Health Minister Sudhakar K had recently said that the government is working hard to strengthen infrastructure at the taluk-level hospitals. While such measures are crucial for tackling Covid, the government should understand that empowering the first response team is equally important.
Till then, ASHAs, anganwadi workers and health assistants stay the course despite knowing the fault lines.
The incentive puzzle
ASHAs, recruited in Karnataka as part of the National Health Mission starting from 2008, are considered voluntary health activists. Since they are not employees, they don’t get a salary.
While they get a fixed incentive of Rs 4,000 per month from the state, the Centre provides an honorarium of Rs 2,000. However, 50 per cent of the ASHAs don’t get the full amount of Rs 2,000 due to several reasons, including technical glitches.
Then there is a performance-based incentive which is dependent on various factors including the tech-savviness of the junior health assistant who uploads the monthly report of the ASHA.
The total budget allocation for them is Rs 10,000 but a majority of them get around Rs 6,000.
They are used to the inordinate delay in payments and they acknowledge that for one year during Covid-19, they got their payments every month along with a Covid incentive.
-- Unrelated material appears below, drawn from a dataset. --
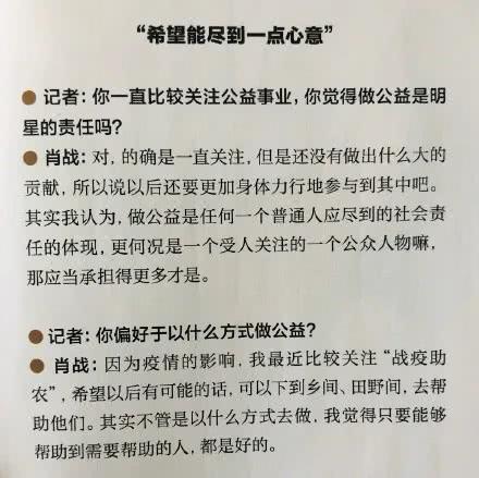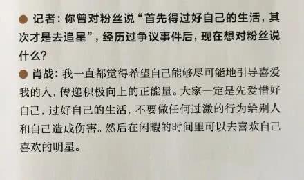 Trong phỏng vấn, Tiêu Chiến cũng kiên trì hướng dẫn fan hâm mộ theo con đường đúng đắn, muốn mọi người sống cuộc sống của mình, đừng làm ra những hành vi quá khích. Tiêu Chiến muốn đích thân tham gia vào hoạt động công ích, hy vọng sau này có thể đến những hộ dân, đồng ruộng để giúp đỡ nông dân.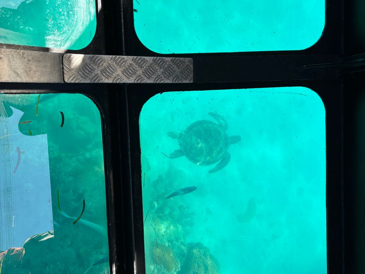 島で少し楽しんだ後は、グラスボートと半潜水艦に乗って、サンゴ礁やお魚さんたちを間近に見ることができました。

However, now they have been waiting for their payments for the past two months. To end the uncertainties, they have been demanding a fixed payment of Rs 12,000 per month.
Last July, Annapurna, from Tunganagar in Shivamogga town became famous when the Central Government mentioned her name in a tweet lauding ASHA workers' tireless efforts in fighting Covid-19. Admiration and gratitude are not new for ASHA workers.
"We are doing whatever work is assigned to us. They can acknowledge our work by fixing a monthly payment so we don’t have to worry about it," says this single parent who has to take care of her mother and daughter.
She covers around 15 families every day walking 7-8 kilometres: starting from pregnant women, women in postnatal care and toddlers, she then moves to Covid-affected households checking on their health, giving them required medicines and keeping a watch on primary and secondary contacts for any symptoms etc.
The love and trust of the 2,000-odd people that depend on her keeps her going, even at the cost of constant uncertainty.
In Bengaluru, Amitha faces constant pressure from her family to quit her job. “My husband and mother-in-law think that I am a fool to put myself at risk for whatever little money I get, that too like a lottery. Now my neighbours also support them as they fear I might spread corona," says the mother of two toddlers.